Saturday, January 29, 2011

The Nephilim Explained?

You don't have to be a Neanderthal to find intriguing correlations between scripture and modern science -- once you're willing to accept that God's normal workday runs a bit longer than ours.

New archaeological finds suggest that human migration from Africa into Mesopotamia and beyond began as long as 127,000 years ago. From DNA evidence, scientists had previously concluded that the exodus started just 60,000 years ago.
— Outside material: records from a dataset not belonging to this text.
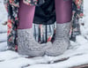 These cozy socks with simple cable details are just the thing to wrap your feet in while sitting in front of the fireplace.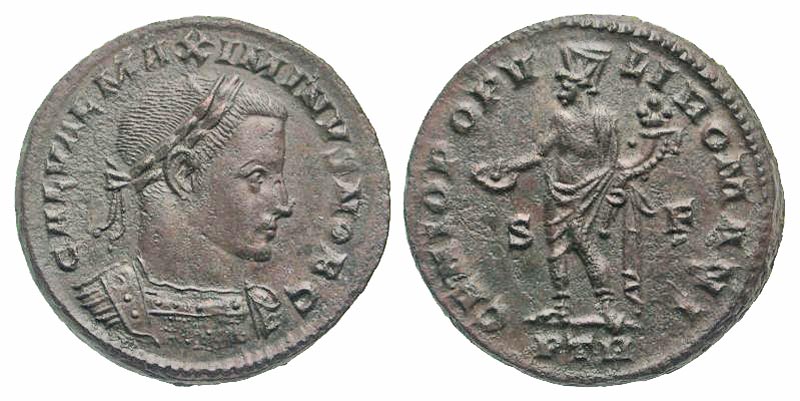 Lot 50-174. Maximinus II Daza. A.D. 309-313. AE follis. Trier mint, struck A.D. 305-307.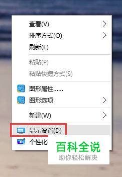 1、首先,在Windows 10的桌面点击鼠标右键,选择“显示设置”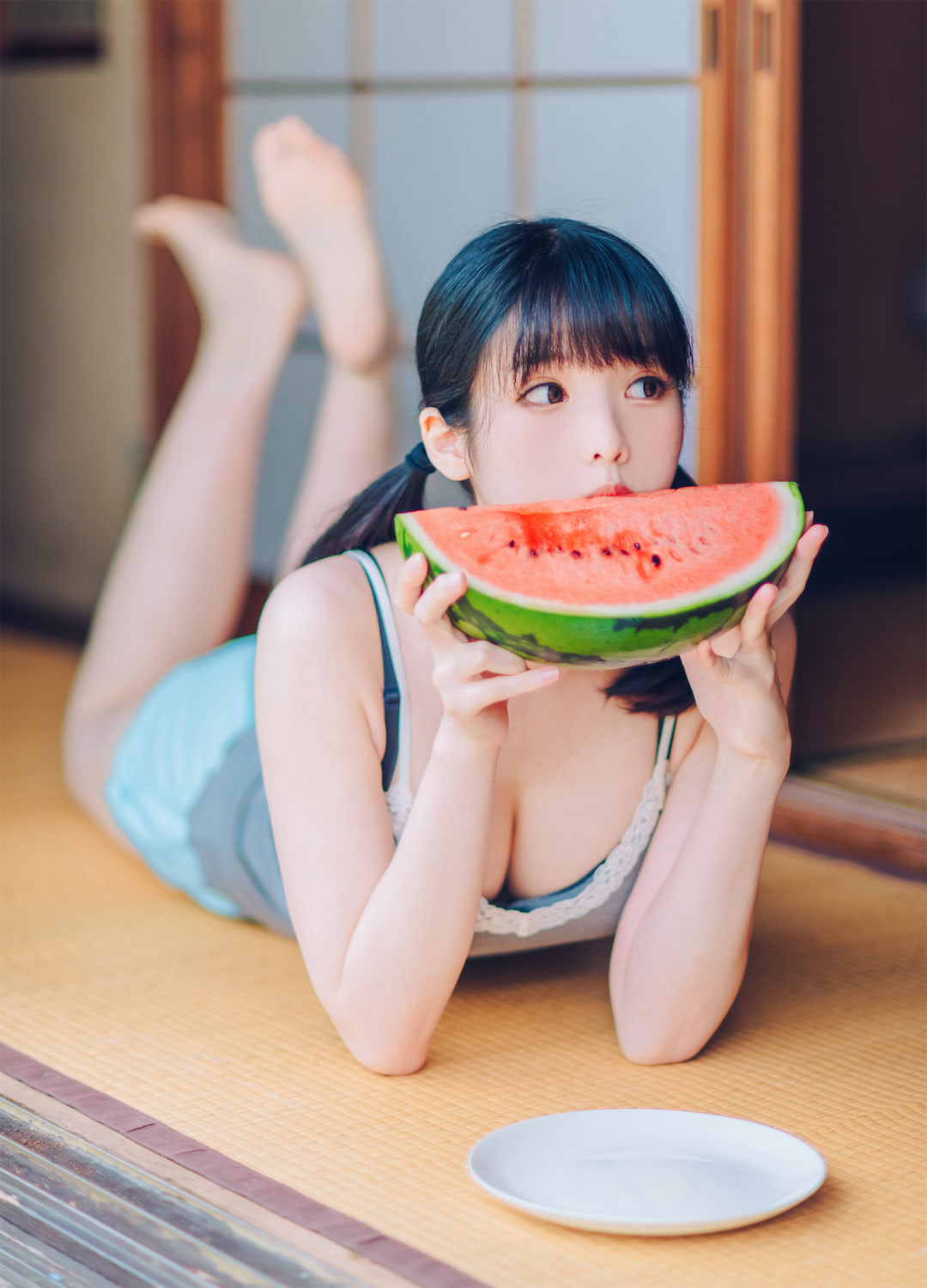 霜月shimo吃西瓜的夏天泳装摄影44张。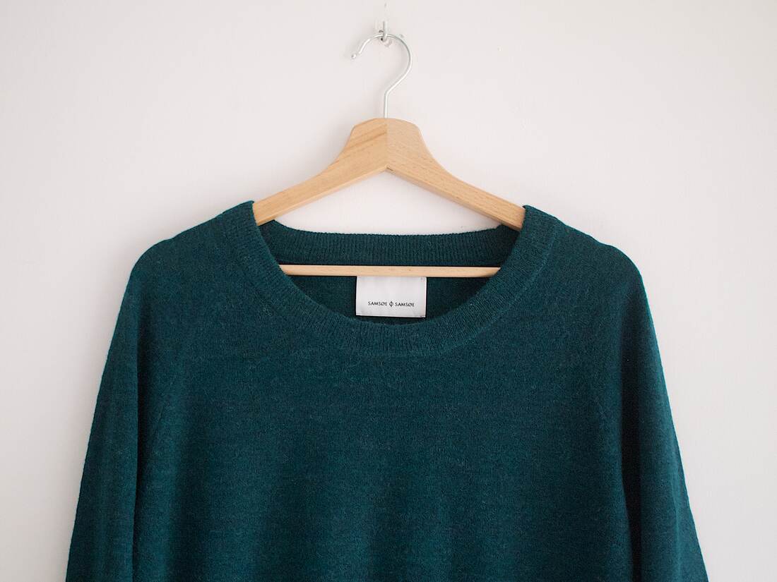 Sweter o pudełkowym kroju skandynawskiej marki Samsoe Samsoe. Wykonany z materiału z dużym udziałem wełny: 23% wełna, 13% alpaka. Bardzo dobry stan.

Especially interesting is the speculation about where homo sapiens may have encountered and bred with Neanderthals. Nicholas Wade writes in the New York Times:
Jebel Faya is near the Persian Gulf, which is now a shallow sea. But before 8,000 years ago, when the sea level was about 330 feet lower than today, the gulf area was a low-lying plain, with the Euphrates running through it. The region would have been an oasis that served as a refuge during dry periods. Neanderthal sites are known from central Iraq, so perhaps Neanderthals came down the river to the gulf oasis before it was inundated, making it “an interesting candidate for the place of hybridization,” [University of Birmingham archaeologist Jeffrey] Rose said.
A refuge and an oasis fed by the Euphrates, huh? As for hybridization, there's always been that odd passage in Genesis 6:1-4, just before the Noah story:
The Nephilim were on the earth in those days—and also afterwards—when the sons of God went in to the daughters of humans, who bore children to them. These were the heroes that were of old, warriors of renown.
Wikipedia says Neanderthals were a little smaller but built more robustly than homo sapiens. What if thanks to the robustness of oral tradition, stories of their heroic exploits in northern European climes reached all the way to the compilers of Torah?